* [ACTIVITY]: Copy the lines below, word for word, from the first through the line containing "Nehre düşen sürücü kurtarılmayı bekledi". Leave the pictures out.

* [STORED DATA]:
###
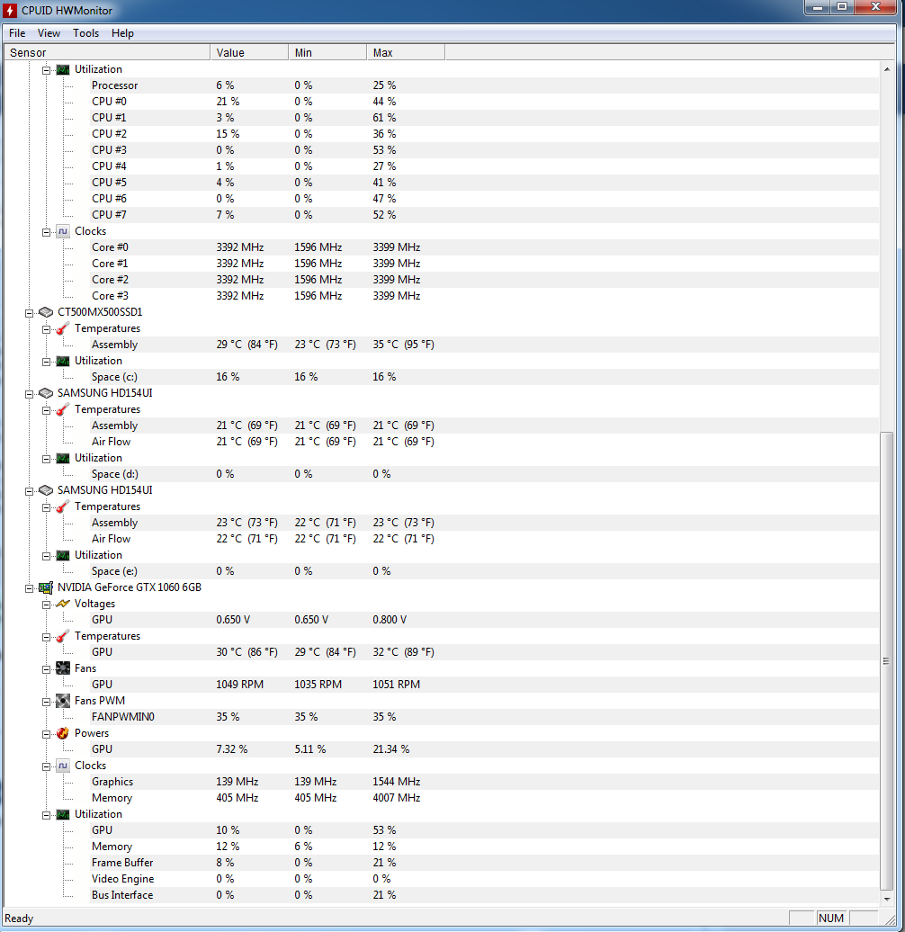 Satas: 1 SSD 500GB (CT500MX5 00SSD1 SCSI Disk Device) und 2x 1,5 TB Samsung HDDs
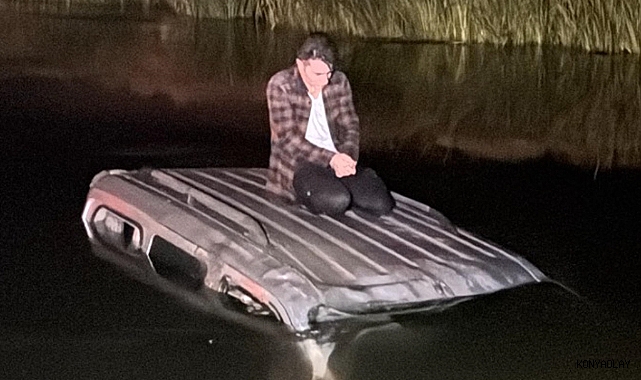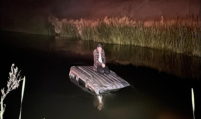 Nehre düşen sürücü kurtarılmayı bekledi
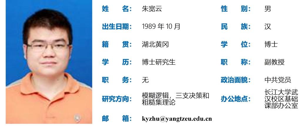 朱宽云,男,1989年10月出生,博士研究生,副教授。主要从事模糊逻辑、三支决策和粗糙集理论研究。2019年6月毕业于武汉大学数学与统计学院,同年7月入职伟德源自英国始于1946。以第一作者(或通讯作者)公开发表SCI/EI论文50余篇,其中包含《Fuzzy Sets and Systems》、《Information Sciences》、《Soft Computing》、《Journal of Intelligent & Fuzzy Systems》、《Journal of Multiple-Valued Logic & Soft Computing》以及《International Journal Machine Learning and Cybernetics》。尤其是近几年来以第一作者连续在SCI数学类一区Top期刊《Fuzzy Sets and Systems》(IF:3.9)上发表7篇论文。 论文“A novel soft rough fuzzy sets:Z-soft rough fuzzy ideals of hemirings and corresponding decision making”在Web of Science引用113次。主持完成国家自然科学基金青年项目(No. 12001062)和湖北省自然科学基金青年项目(No. 2020CFB368)各一项。2020年12月入选伟德源自英国始于1946第四批人才计划“菁英人才”系列。
###
* [RESULT OF THIS TASK]:
 Satas: 1 SSD 500GB (CT500MX5 00SSD1 SCSI Disk Device) und 2x 1,5 TB Samsung HDDs
 Nehre düşen sürücü kurtarılmayı bekledi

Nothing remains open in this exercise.